> [Record excerpts]:
┄┄┄┄┄┄┄┄┄┄┄┄┄┄┄┄┄┄┄┄

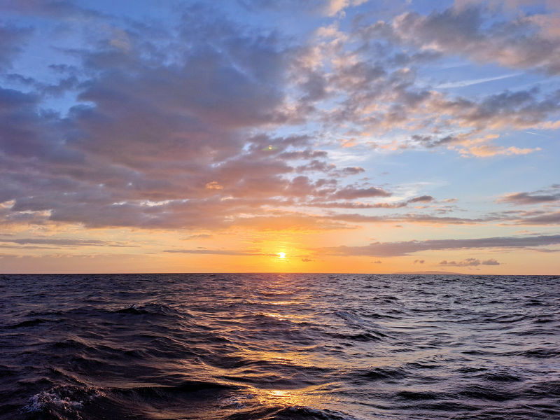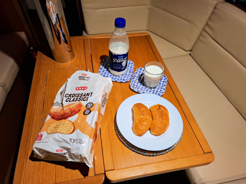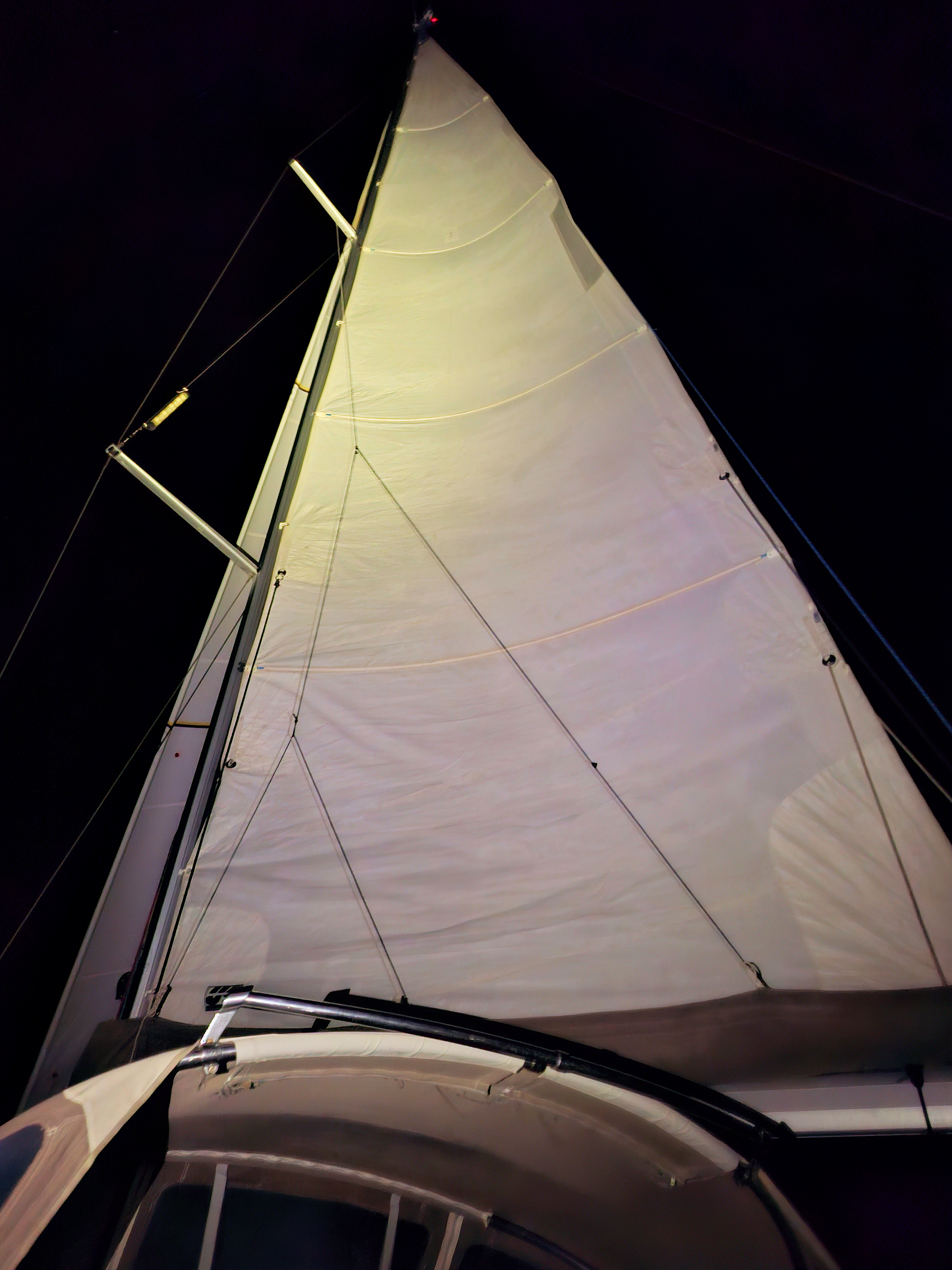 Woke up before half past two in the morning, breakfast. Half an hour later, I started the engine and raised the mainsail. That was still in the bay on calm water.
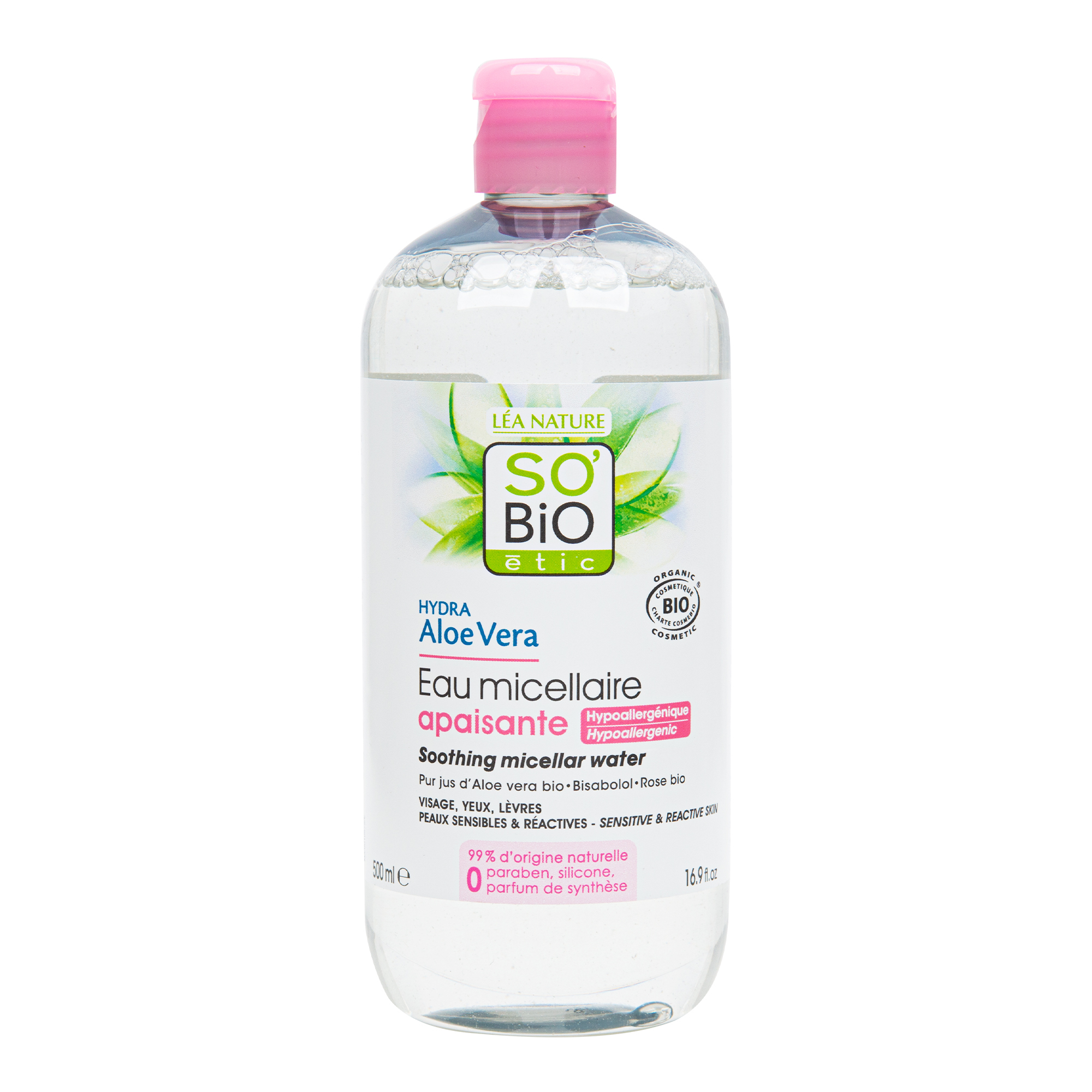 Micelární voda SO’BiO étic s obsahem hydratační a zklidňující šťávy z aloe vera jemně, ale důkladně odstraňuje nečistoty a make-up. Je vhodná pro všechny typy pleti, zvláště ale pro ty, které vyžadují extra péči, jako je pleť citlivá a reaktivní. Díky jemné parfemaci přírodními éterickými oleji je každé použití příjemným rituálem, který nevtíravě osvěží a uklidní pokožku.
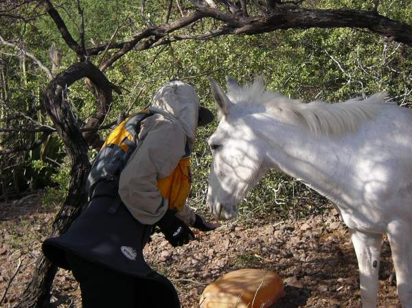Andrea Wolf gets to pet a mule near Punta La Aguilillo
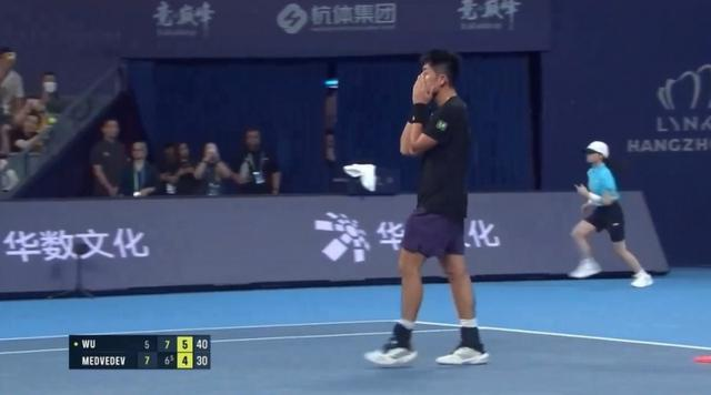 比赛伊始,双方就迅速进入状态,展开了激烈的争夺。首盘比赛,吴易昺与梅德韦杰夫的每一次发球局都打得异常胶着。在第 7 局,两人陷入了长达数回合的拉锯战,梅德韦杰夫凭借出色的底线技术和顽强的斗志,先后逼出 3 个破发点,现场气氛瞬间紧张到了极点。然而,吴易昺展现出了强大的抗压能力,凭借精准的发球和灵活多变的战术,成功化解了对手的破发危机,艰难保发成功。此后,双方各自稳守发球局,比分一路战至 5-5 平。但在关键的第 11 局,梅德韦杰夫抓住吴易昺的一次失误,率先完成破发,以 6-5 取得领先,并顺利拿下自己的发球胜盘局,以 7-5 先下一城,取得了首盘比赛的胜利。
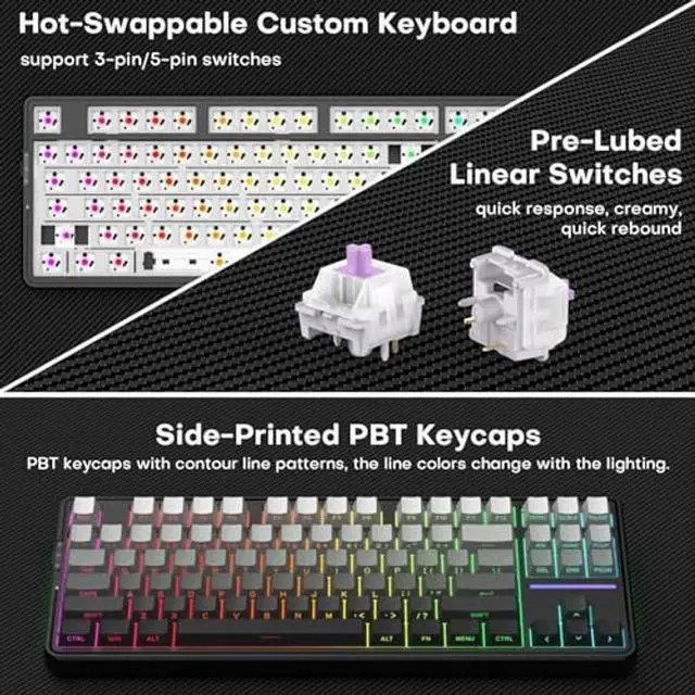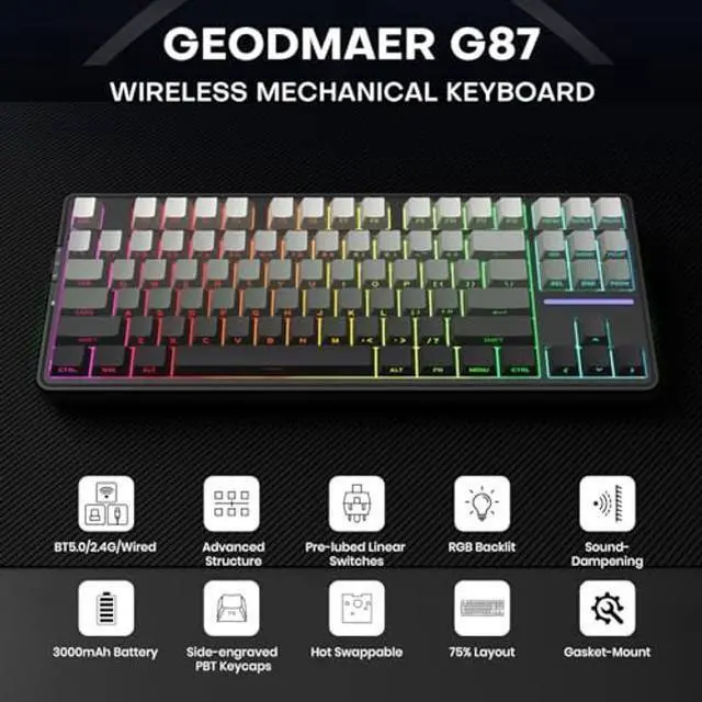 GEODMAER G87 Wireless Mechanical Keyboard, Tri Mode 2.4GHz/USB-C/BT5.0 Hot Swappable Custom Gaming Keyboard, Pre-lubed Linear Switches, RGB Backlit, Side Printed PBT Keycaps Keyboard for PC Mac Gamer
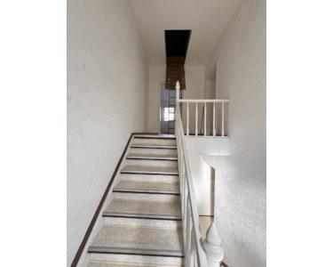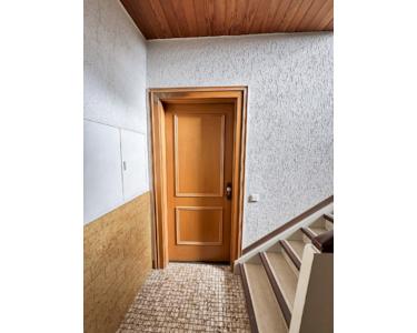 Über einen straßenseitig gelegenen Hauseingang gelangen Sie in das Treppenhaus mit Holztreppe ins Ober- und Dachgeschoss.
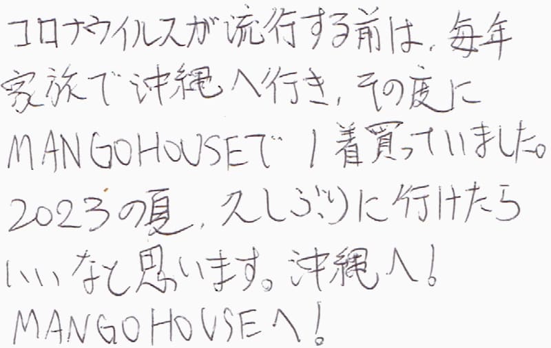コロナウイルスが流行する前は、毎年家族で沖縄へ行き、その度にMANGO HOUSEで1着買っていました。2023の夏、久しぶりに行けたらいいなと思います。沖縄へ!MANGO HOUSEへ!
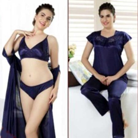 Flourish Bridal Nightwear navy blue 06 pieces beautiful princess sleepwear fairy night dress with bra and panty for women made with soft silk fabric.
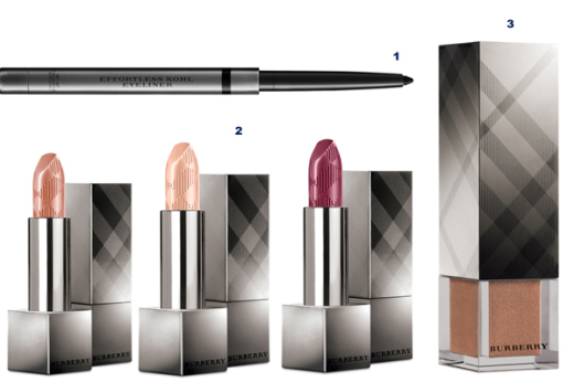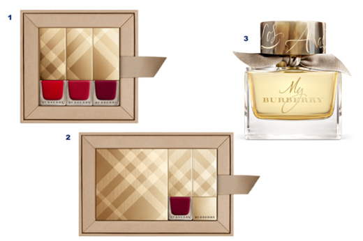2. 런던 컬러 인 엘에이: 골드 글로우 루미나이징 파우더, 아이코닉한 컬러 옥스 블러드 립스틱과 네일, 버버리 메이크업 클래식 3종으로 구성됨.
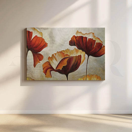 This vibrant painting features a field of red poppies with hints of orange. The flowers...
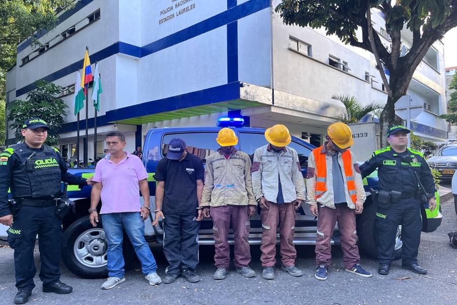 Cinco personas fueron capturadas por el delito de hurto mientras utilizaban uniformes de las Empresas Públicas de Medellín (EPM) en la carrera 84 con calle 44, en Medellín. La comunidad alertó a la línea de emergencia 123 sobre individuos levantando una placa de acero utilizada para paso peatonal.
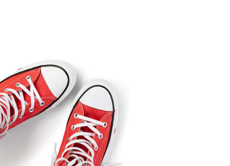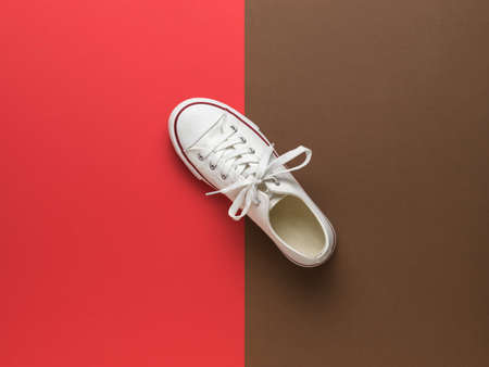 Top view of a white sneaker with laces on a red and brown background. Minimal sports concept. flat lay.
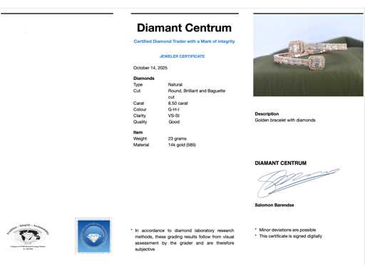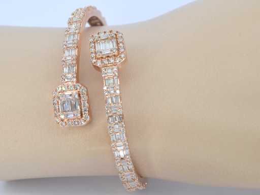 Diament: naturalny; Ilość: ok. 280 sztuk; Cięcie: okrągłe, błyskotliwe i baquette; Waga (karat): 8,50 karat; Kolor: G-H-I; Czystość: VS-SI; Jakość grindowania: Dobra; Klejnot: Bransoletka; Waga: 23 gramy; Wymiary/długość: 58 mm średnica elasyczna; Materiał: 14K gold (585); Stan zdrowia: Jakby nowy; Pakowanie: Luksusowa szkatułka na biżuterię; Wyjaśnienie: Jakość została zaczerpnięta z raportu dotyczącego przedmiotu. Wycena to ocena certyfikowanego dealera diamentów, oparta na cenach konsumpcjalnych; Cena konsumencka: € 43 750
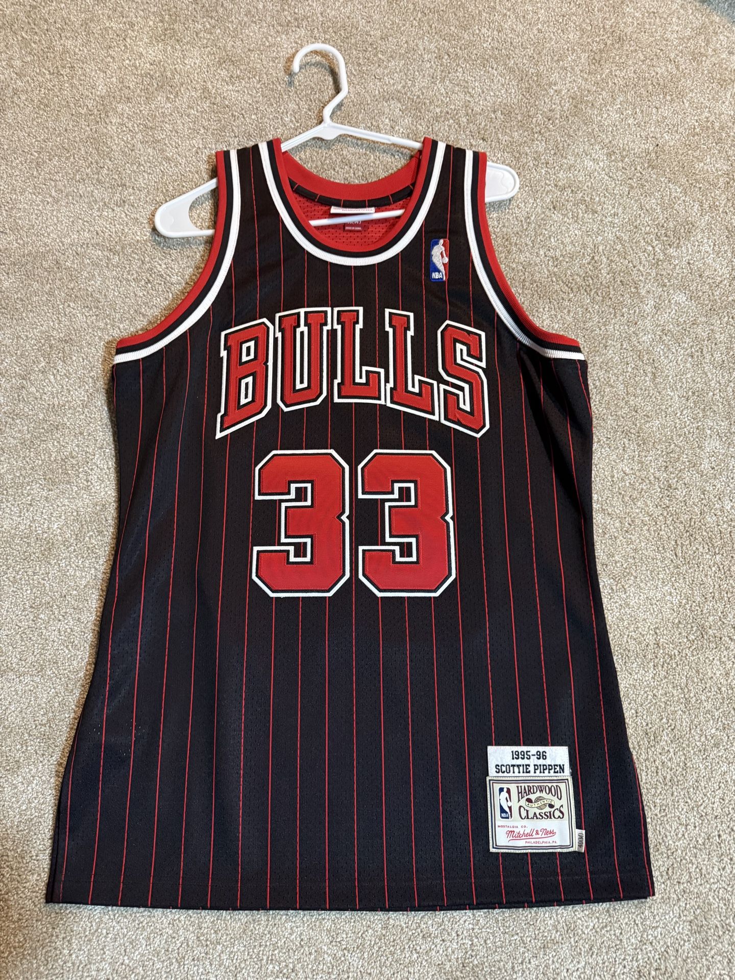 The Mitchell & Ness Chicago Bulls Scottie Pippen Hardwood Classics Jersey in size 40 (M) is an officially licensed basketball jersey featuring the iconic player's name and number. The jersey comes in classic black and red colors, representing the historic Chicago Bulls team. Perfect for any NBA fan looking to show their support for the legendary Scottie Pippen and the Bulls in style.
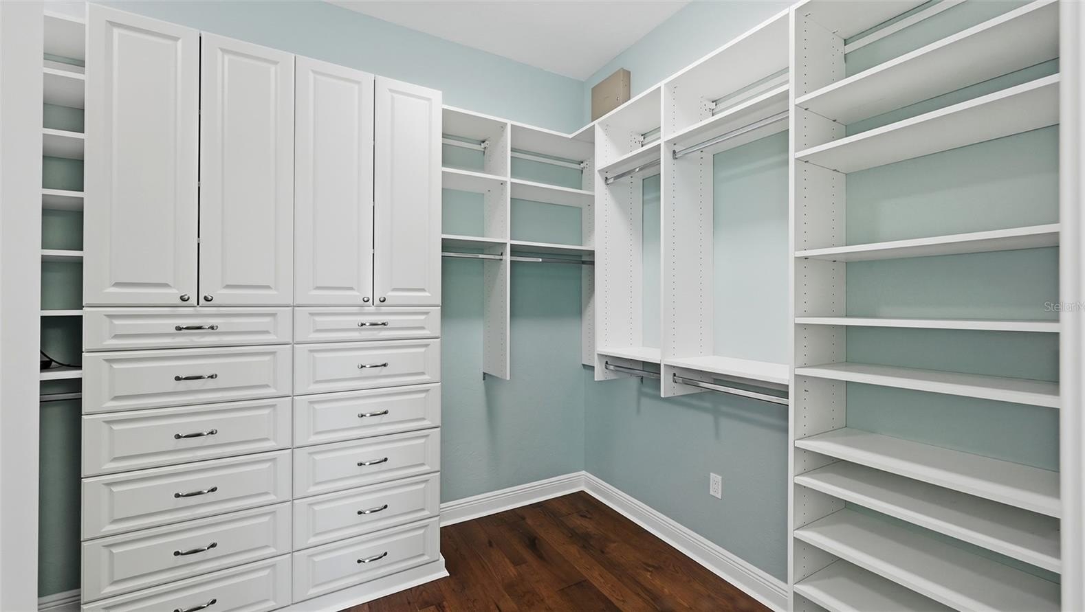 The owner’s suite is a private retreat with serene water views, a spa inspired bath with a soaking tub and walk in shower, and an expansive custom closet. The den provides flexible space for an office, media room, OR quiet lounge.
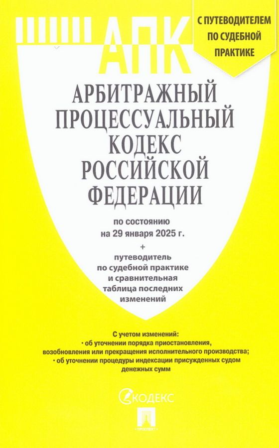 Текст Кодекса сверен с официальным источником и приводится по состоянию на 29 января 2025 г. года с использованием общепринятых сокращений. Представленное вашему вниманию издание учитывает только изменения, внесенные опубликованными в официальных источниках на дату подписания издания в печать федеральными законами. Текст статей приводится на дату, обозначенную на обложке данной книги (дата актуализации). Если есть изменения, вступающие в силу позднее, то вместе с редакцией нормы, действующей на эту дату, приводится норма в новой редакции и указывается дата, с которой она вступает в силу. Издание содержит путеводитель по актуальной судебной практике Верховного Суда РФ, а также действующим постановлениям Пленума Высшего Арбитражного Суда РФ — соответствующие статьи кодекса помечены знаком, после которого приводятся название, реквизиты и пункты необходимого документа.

┄┄┄┄┄┄┄┄┄┄┄┄┄┄┄┄┄┄┄┄

Using the records above, return verbatim only the part that opens with the line containing "GEODMAER G87 Wireless" and closes with the line containing "This vibrant painting"; pictures stay out.

 GEODMAER G87 Wireless Mechanical Keyboard, Tri Mode 2.4GHz/USB-C/BT5.0 Hot Swappable Custom Gaming Keyboard, Pre-lubed Linear Switches, RGB Backlit, Side Printed PBT Keycaps Keyboard for PC Mac Gamer
 Über einen straßenseitig gelegenen Hauseingang gelangen Sie in das Treppenhaus mit Holztreppe ins Ober- und Dachgeschoss.
コロナウイルスが流行する前は、毎年家族で沖縄へ行き、その度にMANGO HOUSEで1着買っていました。2023の夏、久しぶりに行けたらいいなと思います。沖縄へ!MANGO HOUSEへ!
 Flourish Bridal Nightwear navy blue 06 pieces beautiful princess sleepwear fairy night dress with bra and panty for women made with soft silk fabric.
2. 런던 컬러 인 엘에이: 골드 글로우 루미나이징 파우더, 아이코닉한 컬러 옥스 블러드 립스틱과 네일, 버버리 메이크업 클래식 3종으로 구성됨.
 This vibrant painting features a field of red poppies with hints of orange. The flowers...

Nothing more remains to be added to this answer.